April 19, 2014

"Many tribal courts cannot afford their own public defender and have only 'advocates' without law degrees to defend the accused."

"The Yaquis wouldn’t have been given the green light from the Justice Department to launch the pilot project without Acosta, a longtime public defender...."
Acosta’s office recently filed motions with the tribal court to dismiss the first three tribal arrests of non-Indian men, arguing that the tribe did not properly implement the new law, including notifying the public of its new jurisdiction over domestic violence cases.
The "new law" is an amendment to the Violence Against Women Act, which you can read here.

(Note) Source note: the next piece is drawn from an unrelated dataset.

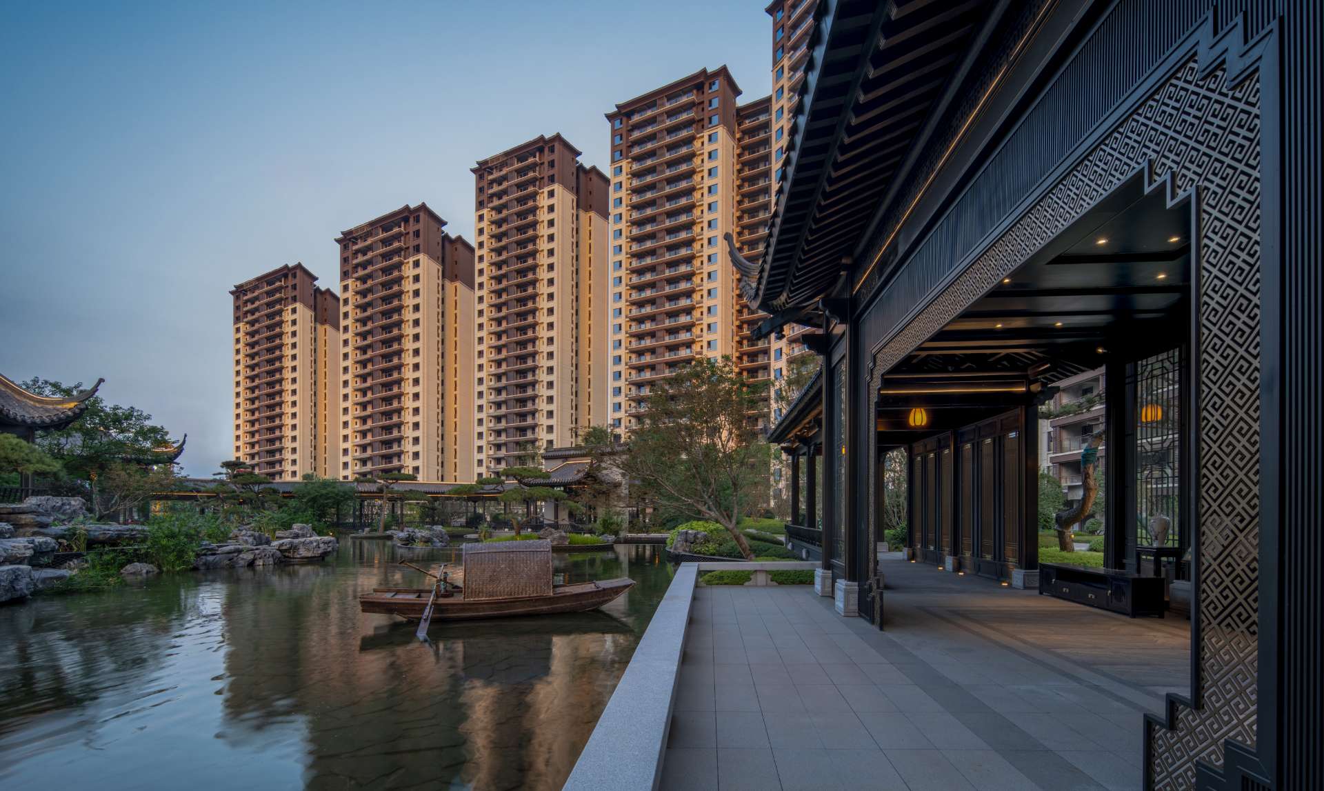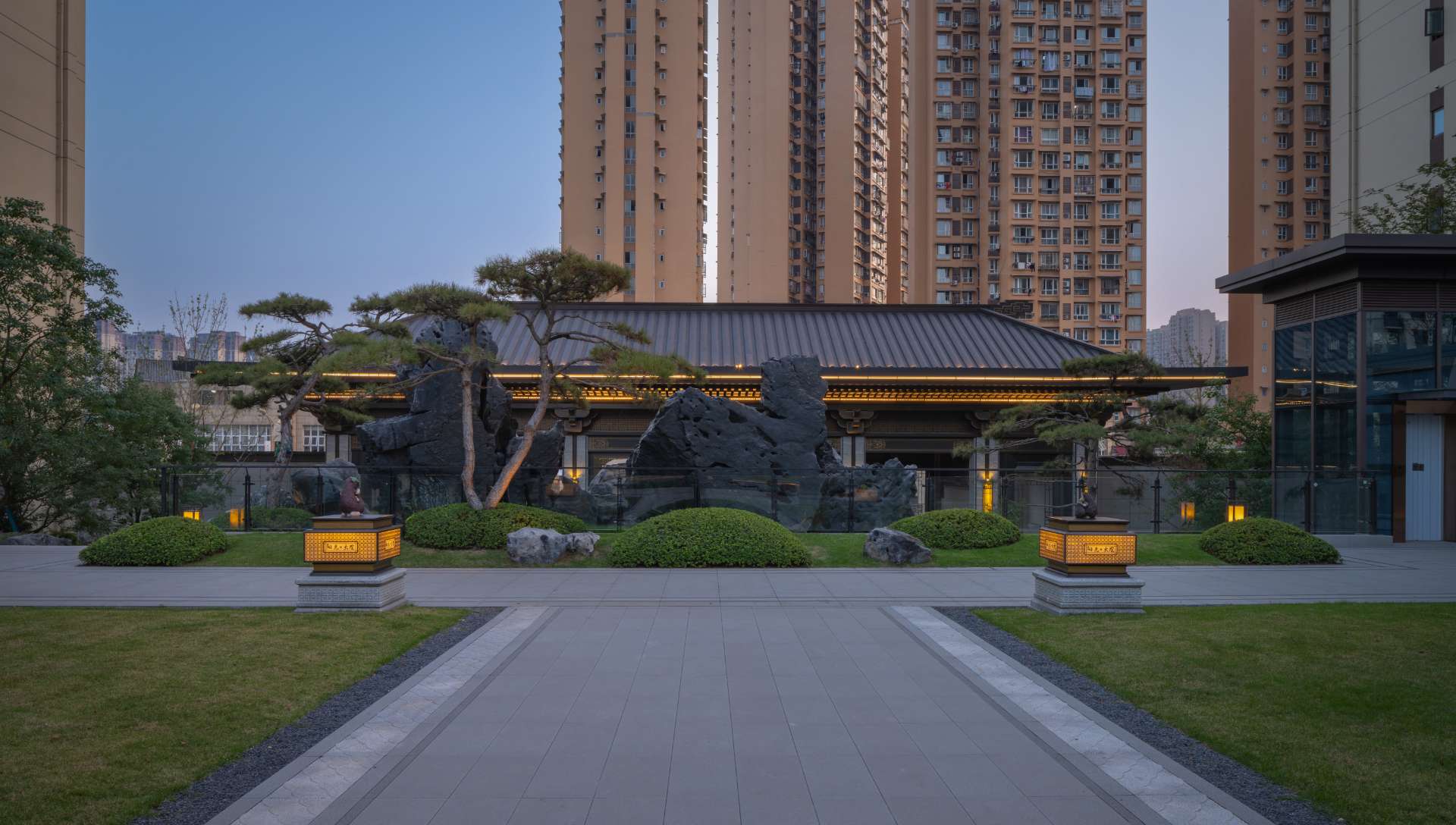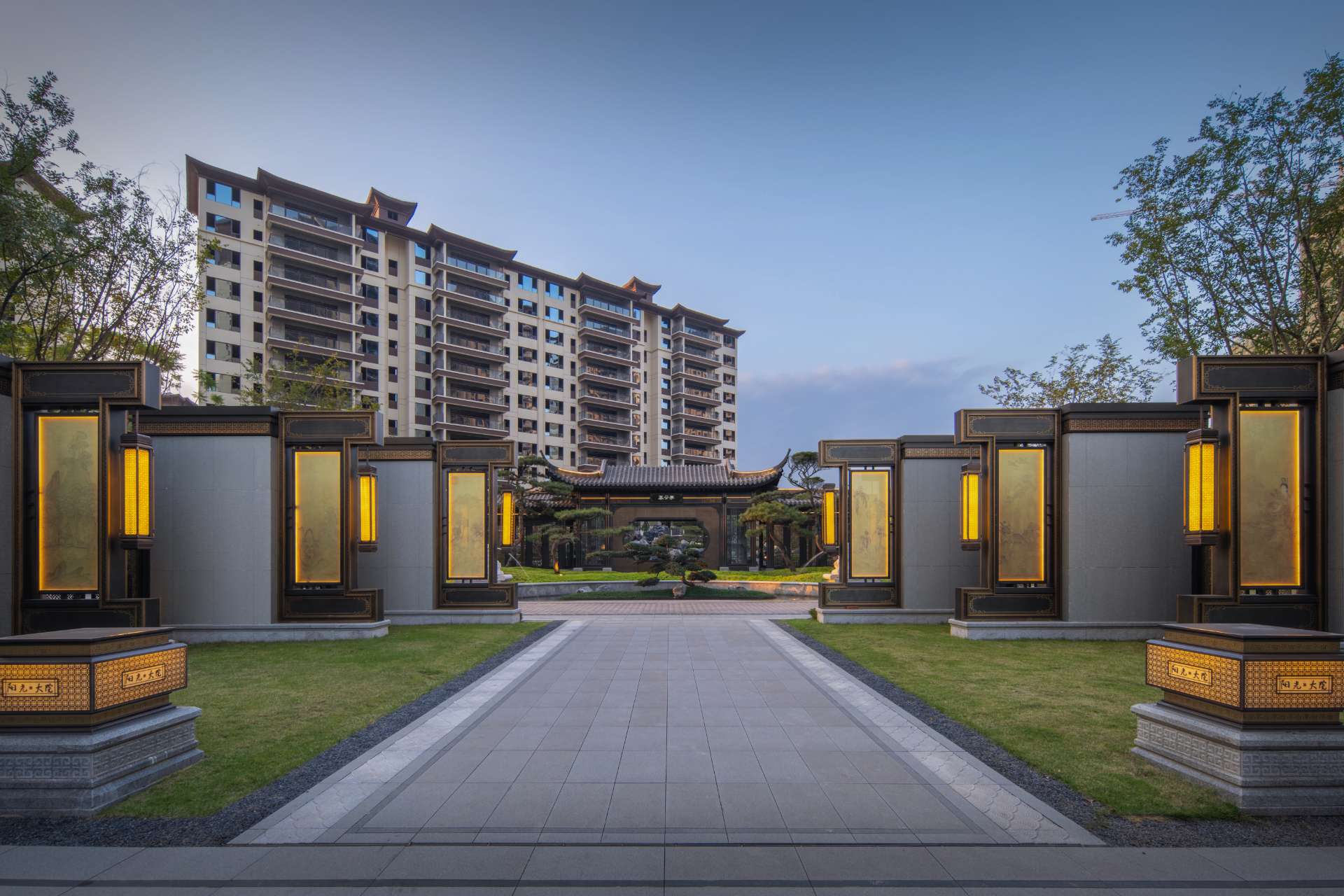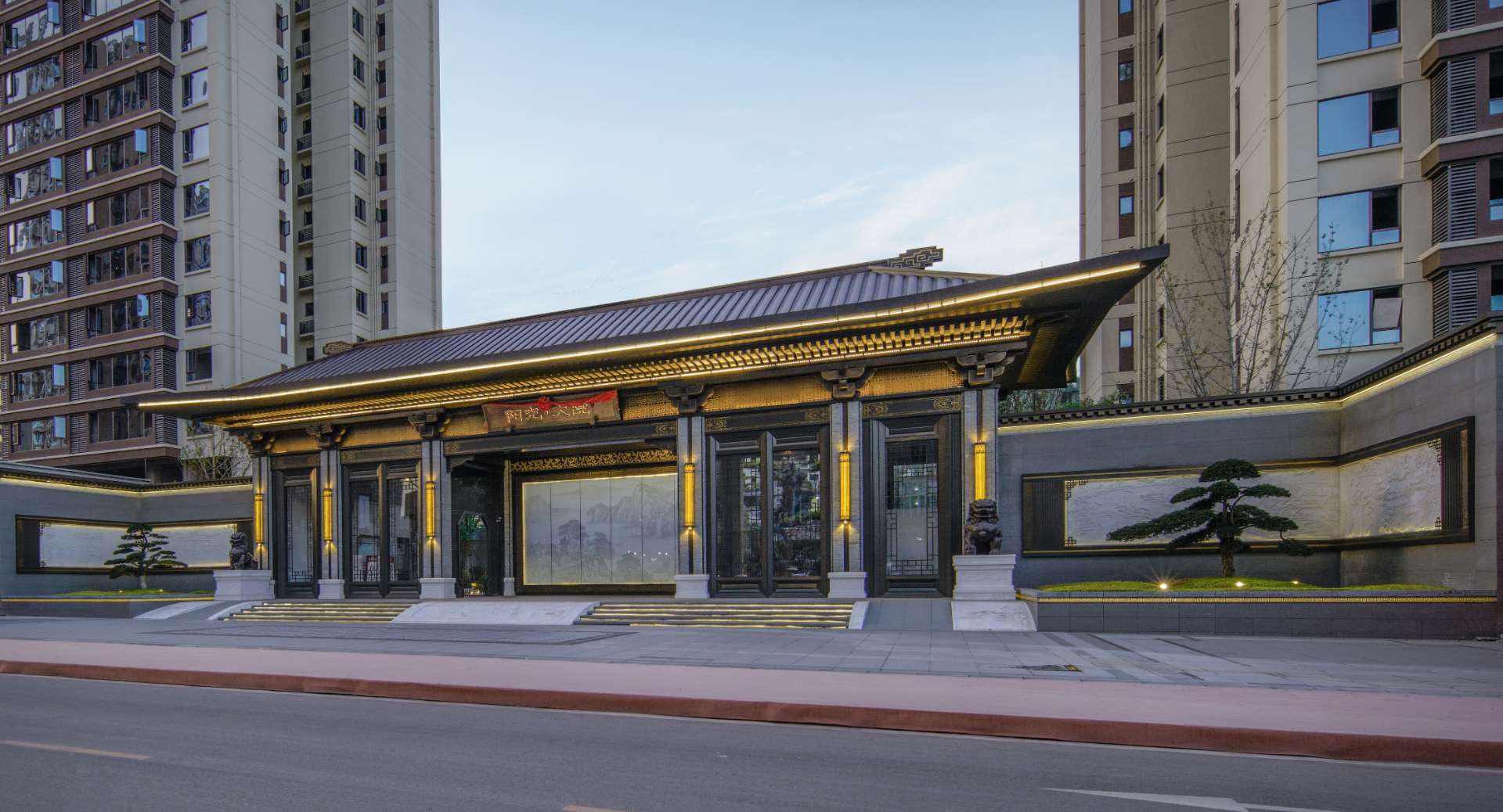 项目位于四川·自贡沿滩新城核心区——沿滩新城两湖大桥旁,是依托自贡百年盐商府邸“王家大院”打造的王家大院文化旅游综合体,规划有盐商文化公园、盐帮菜博物馆、风情商业街区、特色文创区、文化住宅和王家大院遗址六大板块。本次拟设计和呈现的是文化住宅板块。 王家大院是盐商王和甫弟兄5人为纪念父亲王子诚所建的私家府邸,谓曰“子诚公祠”,外人称之为“王家大院”,距今已有110多年历史。王家大院面西南而建,三面环山,一面迎水。院内保存有基本完好的石雕、木雕和灰雕作品600余件,是盐商历史遗存保留较好的院落。2020年5月,王家大院被自贡市人民政府公布为自贡市第一批井盐历史文化遗迹。文化底蕴深厚,王家大院承载的是盐商精神,展露的是第一部盐业的兴衰史。 结合王家大院“结庐在人境,而无车马喧”的儒商文化,以及客户需求,提取出府、苑文化。通过府(礼序空间结构)+苑(风雅生活场所),将现代设计手法与东方人文美学凝练于一院之中,营造出一座川南核心地域上的尊贵府园。 以府院建制格局、苑林生活场景为骨架,与中式园林、素雅审美相结合,打造五重归家礼序与风雅生活图景,尽享尊贵归家体验。

It seems to have been adopted to pick up the slack for U.S. attorneys who are said to have declined to prosecute too many of the cases arising out of domestic violence by non-tribe members on Indian tribal lands.

From that second link, we see the requirements that the tribal court protect "defendants' rights under federal law," including due process, effective assistance of counsel, "Free, appointed, licensed attorneys for indigent defendants," and "a fair cross-section of the community in jury pools and not systematically exclude non-Indians."

4 comments:

Wince said...

Where's Fauxcahonas Warren, Esq.?

rhhardin said...

Indian justice is justice that they take away again.

Strelnikov said...

All solved easily simply by making them all citizens of the country in which they have lived for over 200 years.

Carol said...

U.S. attorneys who are said to have declined to prosecute too many of the cases arising out of domestic violence

Huh, yet DOJ is on the warpath against the Missoula county attorney for not vigorously prosecuting rape cases with iffy evidence and timid victims...it's all sexism you know.